DATASET EXCERPT:
Start of Block
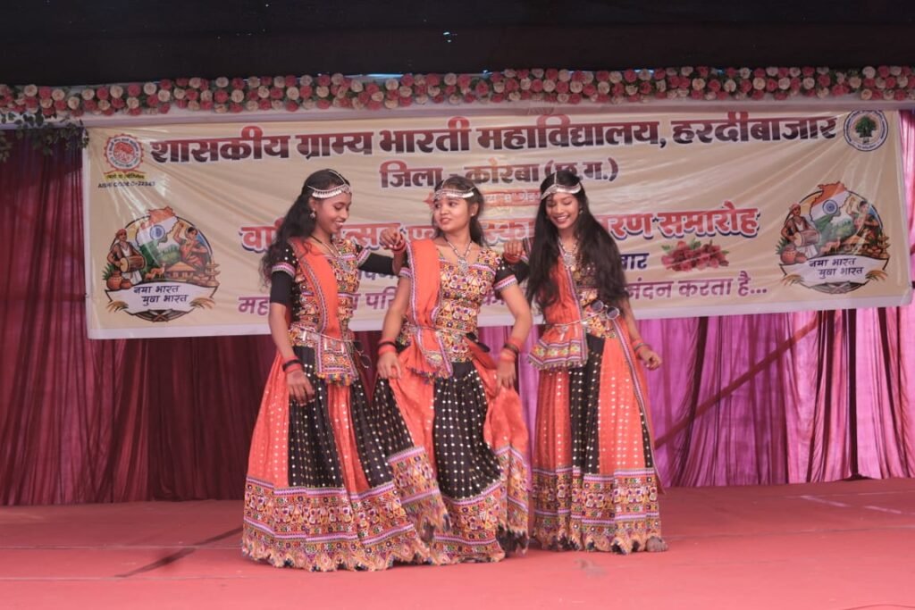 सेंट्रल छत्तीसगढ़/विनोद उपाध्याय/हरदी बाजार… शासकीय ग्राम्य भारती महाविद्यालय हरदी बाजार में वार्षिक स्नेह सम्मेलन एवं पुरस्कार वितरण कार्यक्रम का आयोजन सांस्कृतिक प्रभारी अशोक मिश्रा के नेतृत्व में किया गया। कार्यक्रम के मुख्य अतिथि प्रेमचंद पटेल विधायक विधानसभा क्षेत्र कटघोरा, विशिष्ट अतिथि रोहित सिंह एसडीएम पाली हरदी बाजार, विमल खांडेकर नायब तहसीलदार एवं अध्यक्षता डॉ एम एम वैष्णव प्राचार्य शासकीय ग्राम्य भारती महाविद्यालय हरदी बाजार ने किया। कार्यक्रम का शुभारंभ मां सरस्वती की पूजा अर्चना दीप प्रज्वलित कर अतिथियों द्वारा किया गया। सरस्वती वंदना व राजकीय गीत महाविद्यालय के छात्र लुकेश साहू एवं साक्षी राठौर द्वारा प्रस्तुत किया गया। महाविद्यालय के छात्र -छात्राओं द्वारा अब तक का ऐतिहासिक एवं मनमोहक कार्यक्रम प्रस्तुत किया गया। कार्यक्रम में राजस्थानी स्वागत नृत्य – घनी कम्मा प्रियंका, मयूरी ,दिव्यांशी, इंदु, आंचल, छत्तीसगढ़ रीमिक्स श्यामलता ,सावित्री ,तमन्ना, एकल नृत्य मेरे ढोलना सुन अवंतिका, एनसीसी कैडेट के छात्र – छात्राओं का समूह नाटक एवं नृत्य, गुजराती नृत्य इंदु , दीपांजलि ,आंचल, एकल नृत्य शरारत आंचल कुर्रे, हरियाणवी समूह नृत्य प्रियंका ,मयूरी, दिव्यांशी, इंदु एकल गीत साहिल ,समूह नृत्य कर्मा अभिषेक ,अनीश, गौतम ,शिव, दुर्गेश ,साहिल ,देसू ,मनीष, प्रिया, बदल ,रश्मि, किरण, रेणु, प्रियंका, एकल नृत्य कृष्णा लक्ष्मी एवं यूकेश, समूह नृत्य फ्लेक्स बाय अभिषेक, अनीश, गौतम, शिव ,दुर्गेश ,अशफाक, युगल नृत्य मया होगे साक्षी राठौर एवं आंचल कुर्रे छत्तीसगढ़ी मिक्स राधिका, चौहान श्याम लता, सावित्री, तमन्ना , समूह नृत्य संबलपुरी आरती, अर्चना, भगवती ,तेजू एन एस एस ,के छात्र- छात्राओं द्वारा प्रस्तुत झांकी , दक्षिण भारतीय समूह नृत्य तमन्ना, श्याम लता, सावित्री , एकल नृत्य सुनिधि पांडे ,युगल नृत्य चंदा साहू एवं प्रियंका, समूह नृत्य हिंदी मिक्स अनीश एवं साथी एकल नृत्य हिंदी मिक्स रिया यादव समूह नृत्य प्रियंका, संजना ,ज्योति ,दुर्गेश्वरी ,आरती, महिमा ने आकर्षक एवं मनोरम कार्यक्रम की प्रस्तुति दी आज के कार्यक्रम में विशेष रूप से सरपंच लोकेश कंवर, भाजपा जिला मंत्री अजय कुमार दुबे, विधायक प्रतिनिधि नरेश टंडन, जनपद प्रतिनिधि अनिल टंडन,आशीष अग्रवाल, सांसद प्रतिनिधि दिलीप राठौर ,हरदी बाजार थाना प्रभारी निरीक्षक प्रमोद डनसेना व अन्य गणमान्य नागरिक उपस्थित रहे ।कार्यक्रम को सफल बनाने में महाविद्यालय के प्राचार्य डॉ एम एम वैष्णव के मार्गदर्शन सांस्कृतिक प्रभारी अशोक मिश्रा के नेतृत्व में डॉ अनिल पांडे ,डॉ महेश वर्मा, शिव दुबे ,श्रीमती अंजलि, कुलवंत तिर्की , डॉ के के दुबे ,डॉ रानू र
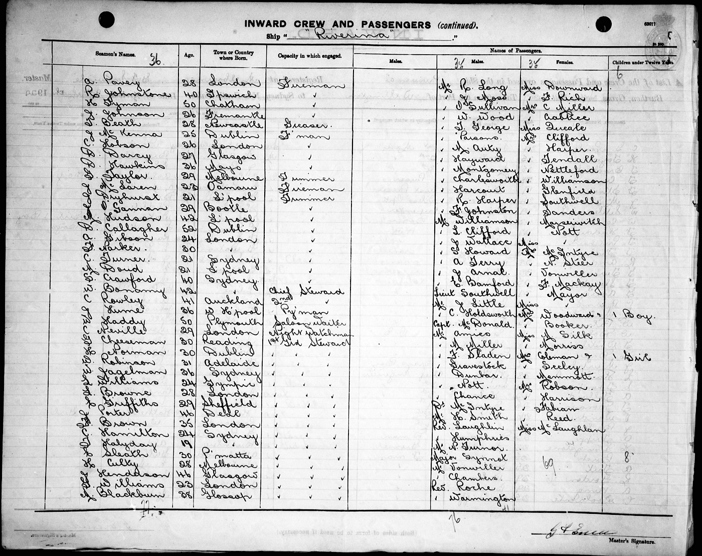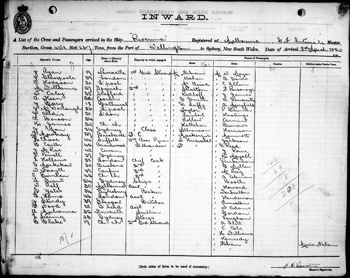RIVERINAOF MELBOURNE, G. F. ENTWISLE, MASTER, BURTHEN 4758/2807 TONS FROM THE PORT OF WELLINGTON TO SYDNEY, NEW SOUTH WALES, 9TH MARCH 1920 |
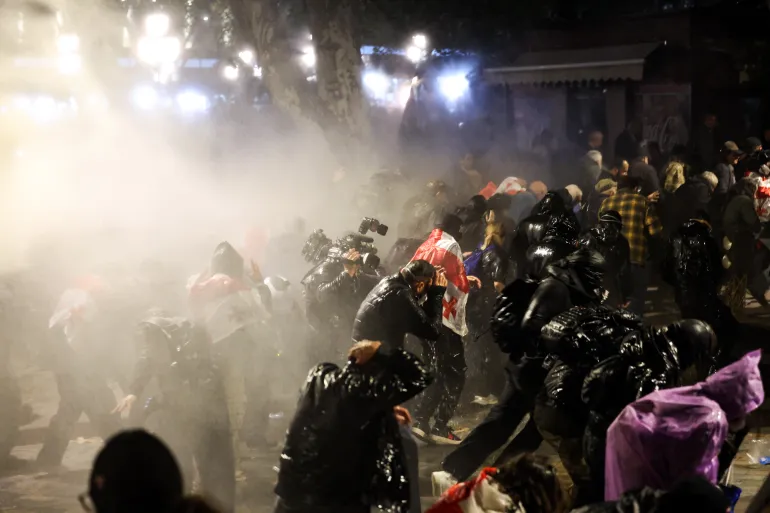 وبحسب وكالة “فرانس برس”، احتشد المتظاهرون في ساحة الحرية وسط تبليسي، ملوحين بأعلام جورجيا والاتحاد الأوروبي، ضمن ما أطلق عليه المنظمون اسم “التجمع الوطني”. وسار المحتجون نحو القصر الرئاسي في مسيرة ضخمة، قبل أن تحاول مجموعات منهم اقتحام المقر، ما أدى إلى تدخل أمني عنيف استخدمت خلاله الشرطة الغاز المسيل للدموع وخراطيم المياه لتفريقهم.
End of Block
WHAT YOU SHOULD DO: A word-for-word reprint of the listing above is needed, minus the pictures.

RESPONSE:
 सेंट्रल छत्तीसगढ़/विनोद उपाध्याय/हरदी बाजार… शासकीय ग्राम्य भारती महाविद्यालय हरदी बाजार में वार्षिक स्नेह सम्मेलन एवं पुरस्कार वितरण कार्यक्रम का आयोजन सांस्कृतिक प्रभारी अशोक मिश्रा के नेतृत्व में किया गया। कार्यक्रम के मुख्य अतिथि प्रेमचंद पटेल विधायक विधानसभा क्षेत्र कटघोरा, विशिष्ट अतिथि रोहित सिंह एसडीएम पाली हरदी बाजार, विमल खांडेकर नायब तहसीलदार एवं अध्यक्षता डॉ एम एम वैष्णव प्राचार्य शासकीय ग्राम्य भारती महाविद्यालय हरदी बाजार ने किया। कार्यक्रम का शुभारंभ मां सरस्वती की पूजा अर्चना दीप प्रज्वलित कर अतिथियों द्वारा किया गया। सरस्वती वंदना व राजकीय गीत महाविद्यालय के छात्र लुकेश साहू एवं साक्षी राठौर द्वारा प्रस्तुत किया गया। महाविद्यालय के छात्र -छात्राओं द्वारा अब तक का ऐतिहासिक एवं मनमोहक कार्यक्रम प्रस्तुत किया गया। कार्यक्रम में राजस्थानी स्वागत नृत्य – घनी कम्मा प्रियंका, मयूरी ,दिव्यांशी, इंदु, आंचल, छत्तीसगढ़ रीमिक्स श्यामलता ,सावित्री ,तमन्ना, एकल नृत्य मेरे ढोलना सुन अवंतिका, एनसीसी कैडेट के छात्र – छात्राओं का समूह नाटक एवं नृत्य, गुजराती नृत्य इंदु , दीपांजलि ,आंचल, एकल नृत्य शरारत आंचल कुर्रे, हरियाणवी समूह नृत्य प्रियंका ,मयूरी, दिव्यांशी, इंदु एकल गीत साहिल ,समूह नृत्य कर्मा अभिषेक ,अनीश, गौतम ,शिव, दुर्गेश ,साहिल ,देसू ,मनीष, प्रिया, बदल ,रश्मि, किरण, रेणु, प्रियंका, एकल नृत्य कृष्णा लक्ष्मी एवं यूकेश, समूह नृत्य फ्लेक्स बाय अभिषेक, अनीश, गौतम, शिव ,दुर्गेश ,अशफाक, युगल नृत्य मया होगे साक्षी राठौर एवं आंचल कुर्रे छत्तीसगढ़ी मिक्स राधिका, चौहान श्याम लता, सावित्री, तमन्ना , समूह नृत्य संबलपुरी आरती, अर्चना, भगवती ,तेजू एन एस एस ,के छात्र- छात्राओं द्वारा प्रस्तुत झांकी , दक्षिण भारतीय समूह नृत्य तमन्ना, श्याम लता, सावित्री , एकल नृत्य सुनिधि पांडे ,युगल नृत्य चंदा साहू एवं प्रियंका, समूह नृत्य हिंदी मिक्स अनीश एवं साथी एकल नृत्य हिंदी मिक्स रिया यादव समूह नृत्य प्रियंका, संजना ,ज्योति ,दुर्गेश्वरी ,आरती, महिमा ने आकर्षक एवं मनोरम कार्यक्रम की प्रस्तुति दी आज के कार्यक्रम में विशेष रूप से सरपंच लोकेश कंवर, भाजपा जिला मंत्री अजय कुमार दुबे, विधायक प्रतिनिधि नरेश टंडन, जनपद प्रतिनिधि अनिल टंडन,आशीष अग्रवाल, सांसद प्रतिनिधि दिलीप राठौर ,हरदी बाजार थाना प्रभारी निरीक्षक प्रमोद डनसेना व अन्य गणमान्य नागरिक उपस्थित रहे ।कार्यक्रम को सफल बनाने में महाविद्यालय के प्राचार्य डॉ एम एम वैष्णव के मार्गदर्शन सांस्कृतिक प्रभारी अशोक मिश्रा के नेतृत्व में डॉ अनिल पांडे ,डॉ महेश वर्मा, शिव दुबे ,श्रीमती अंजलि, कुलवंत तिर्की , डॉ के के दुबे ,डॉ रानू र
RIVERINAOF MELBOURNE, G. F. ENTWISLE, MASTER, BURTHEN 4758/2807 TONS FROM THE PORT OF WELLINGTON TO SYDNEY, NEW SOUTH WALES, 9TH MARCH 1920 |
 وبحسب وكالة “فرانس برس”، احتشد المتظاهرون في ساحة الحرية وسط تبليسي، ملوحين بأعلام جورجيا والاتحاد الأوروبي، ضمن ما أطلق عليه المنظمون اسم “التجمع الوطني”. وسار المحتجون نحو القصر الرئاسي في مسيرة ضخمة، قبل أن تحاول مجموعات منهم اقتحام المقر، ما أدى إلى تدخل أمني عنيف استخدمت خلاله الشرطة الغاز المسيل للدموع وخراطيم المياه لتفريقهم.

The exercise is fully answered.